Je suis laid et malfaisant, mon sang est une slivovitz de haïdouk - il se transforme en farine de poudre en s'égouttant ! Je suis un rat qui grignote les chartes royales / impériales et les immenses lavures aux apparences baroques. J'ai peur de me voir si affreux dans un miroir, assoiffé d'un sang d'eau de vie, avec des dents de vampire pareilles à des poignards qui s'écoulent le long de ma gueule ! (Ivan Negrišorac)

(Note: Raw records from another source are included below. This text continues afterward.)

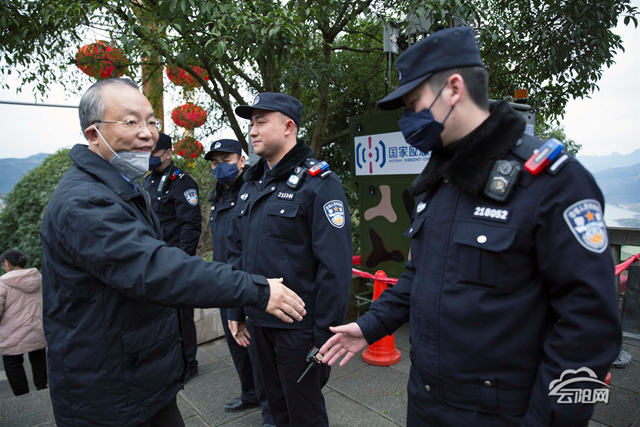 云陽網訊 (記者 劉興敏 唐斌)“新年好!給大家拜年了!”1月25日,正值大年初一,早上8點多,縣委書記張學鋒就來到登云梯,看望慰問執勤民警、文旅委以及市政執法人員等,給他們送去節日祝福,并與執勤人員一道,宣傳“新型冠狀病毒感染”有關疫情知識,勸導市民少出門,不集聚,以免感染病毒。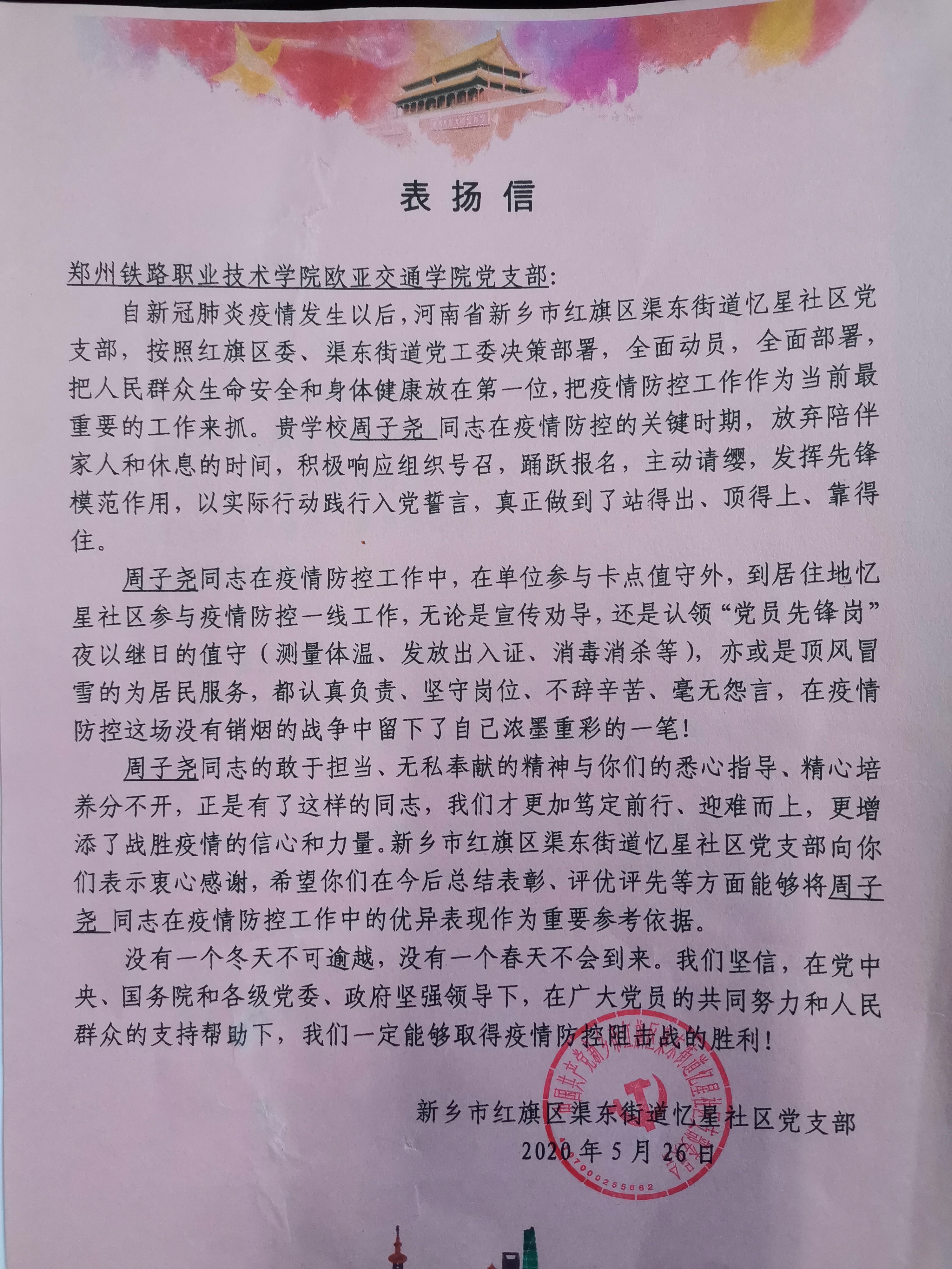 日前,新乡市红旗区渠东街道忆星社区党支部致信欧亚交通学院,对我院周子尧同学为当地疫情防控工作突出表现进行表扬。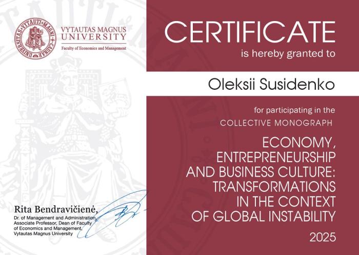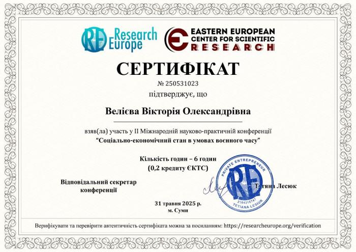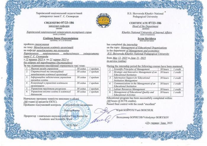 Таким чином, систематичне підвищення кваліфікації викладачів кафедри соціальних та економічних дисциплін, активна участь у наукових заходах сприяють розвитку науково-методичного потенціалу, підвищенню якості освітнього процесу та формуванню конкурентоспроможного фахівця в умовах сучасного освітнього середовища.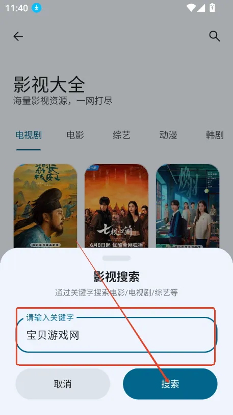 或者点击搜索框,输入关键词,精准检索喜欢的影音
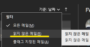 - 읽지 않음을 선택하면 현재 폴더의 읽지 않은 메시지만 메시지 목록에 표시됩니다.

Vers qui me rappellent furieusement ceux de Césaire :
C'était un nègre dégingandé sans rythme ni mesure. Un nègre dont les yeux roulaient une lassitude sanguinolente, Un nègre sans pudeur et ses orteils ricanaient de façon assez puante au fond de la tanière entrebâillée de ses souliers (…) Et l'ensemble faisait parfaitement un nègre hideux, un nègre grognon, un nègre mélancolique, un nègre affalé, ses mains réunies en prière sur un bâton noueux. Un nègre enseveli dans une vieille veste élimée. Un nègre comique et laid et des femmes derrière moi ricanaient en le regardant. Il était COMIQUE ET LAID COMIQUE ET LAID pour sûr ; J'arborai un grand sourire complice… Ma lâcheté retrouvée !
Le nègre d'Europe est bien un serbe ! On lui construit une image. On devise sur son humanité. On s'interroge sur son degré de civilisation, sur sa capacité à comprendre la modernité de ce monde. Lui qui est à l'origine de nombre de conflits, de guerres, de génocides de ces derniers siècles…
Pour sûr, il est affreux et malfaisant…A civiliser !
En ce temps-là A coups de gueule de civilisation A coups d'eau bénite sur les fronts domestiqués Les vautours construisaient à l'ombre de leurs serres Le sanglant monument de l'ère tutélaire […] O le souvenir acide des baisers arrachés Les promesses mutilées au choc des mitrailleuses Hommes étranges qui n'étiez pas des hommes Vous saviez tous les livres vous ne saviez pas l'amour (David Diop)
L'errance nous unit, non comme une perdition mais comme une merveilleuse dérive dans toutes les mers. Nous nous limiterons bien sur le même horizon, nous alignerons bien sur ce trait inaccessible parfois rougi par un disque couchant.
Je lis.
EN VAIN CHERCHES-TU TON CHEMIN VERITABLE SUR TERRE CAR TOUS LES CHEMINS MENENT SOUS ELLE... (Zoran Bognar)
*Avant-propos de l’Antologija srpske poezije na francuskom jeziku [Anthologie de la poésie serbe en langue française].Traduit et présenté par Boris Lazitch.